Although TIMP-1 was the most abundant TIMP in luteal tissues, the other three TIMPs were also detected in the bovine CL by reverse zymography. Among them, we chose to focus our attention on TIMP-2. It has been reported that TIMP-2 may be involved in the pro-MMP-2 activation process by binding an MT1-MMP to form a "co-receptor" for pro-MMP-2 on the cell surface . This bound pro-MMP-2 would then be presented to an adjacent MT1-MMP for activation [23, 25]. Although a transmembrane-deleted MT1-MMP is capable of activating pro-MMP-2 without the participation of TIMP-2 , TIMP-2 deficient mice have a dramatically reduced ability to activate pro-MMP-2 . In the present study, both TIMP-2 mRNA and protein levels were low in the early CL, but significantly increased in the mid and late stages. This expression pattern was similar to that for active MT1-MMP and MMP-2 , suggesting that the MT1-MMP/TIMP-2/pro-MMP-2 tri-molecular system may be available for MMP-2 activation in vivo in the bovine CL. The coordinate expression of these three molecules is also observed during embryonic development , which supports the presence of this activation system in a variety of tissue types.
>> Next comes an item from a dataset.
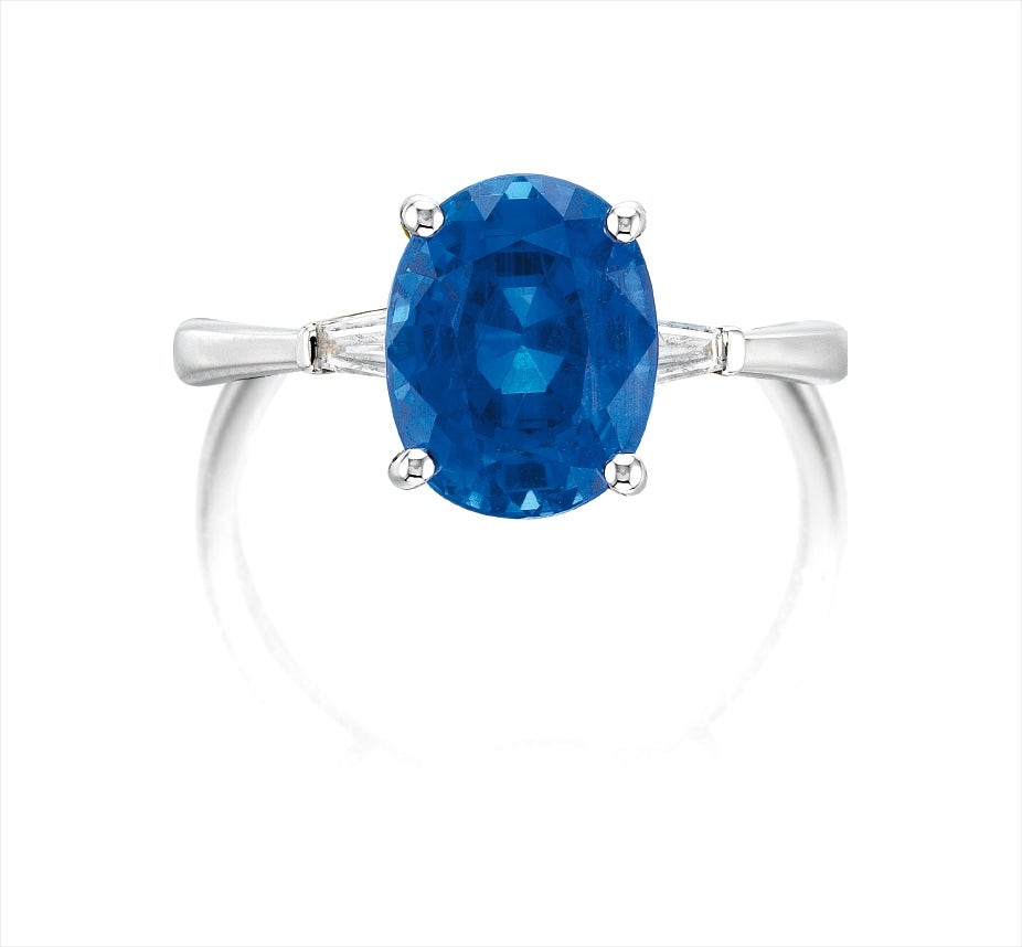 4.09克拉「緬甸」天然藍寶石配鑽石戒指, 藍寶石未經加熱處理

In addition to the temporal correlation of TIMP-2 with active MT1-MMP and MMP-2 expression in the CL, TIMP-2 was also co-localized with these two molecules in endothelial and large luteal cells. TIMP-2 has a variety of functions in endothelial cells. On the one hand, the stoichiometrically correlated expression with MT1-MMP and pro-MMP-2 may facilitate the activation process of pro-MMP-2, which is critical for the angiogenesis process. On the other hand, inhibition of angiogenesis by TIMP-2 cannot be excluded since TIMP-2 has now been demonstrated to be a potent inhibitor of both physiological and stimulated angiogenesis in vivo and over-expression of TIMP-2 blocks vascular smooth muscle cell invasiveness  and reduces angiogenic ability [54, 66]. The latter observation is due, in part, to down-regulation of vascular endothelial cell growth factor (VEGF) .
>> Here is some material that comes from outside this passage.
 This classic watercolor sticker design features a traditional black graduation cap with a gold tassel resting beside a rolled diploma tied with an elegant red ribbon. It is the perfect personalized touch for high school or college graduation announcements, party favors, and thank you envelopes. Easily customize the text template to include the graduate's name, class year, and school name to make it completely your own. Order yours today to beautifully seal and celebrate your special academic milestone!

The localization of TIMP-2 in large luteal cells may also contribute to the activation of pro-MMP-2 in this cell type by assembling the trimeric complex on the cell membrane. The in situ activated MMP-2 is then able to bind integrin αvβ3 , where localized pericellular proteolysis ensues. This resulting degradation of the ECM is needed to accommodate the enlargement of large luteal cells from the early to mid and late stages. Although there is no direct evidence demonstrating involvement of TIMP-2 in steroidogenesis, the dynamic interactions between large luteal cells and their local ECM may induce biochemical changes related to the steroid biosynthetic process in this cell type . For example, disruption of the links between ECM, integrins, and the cytoskeleton  may perturb the intracellular transport of substrates, such as cholesterol, for steroidogenesis . Additional in vitro and in vivo studies are needed to elucidate the physiological roles of these TIMPs in this ovarian endocrine gland.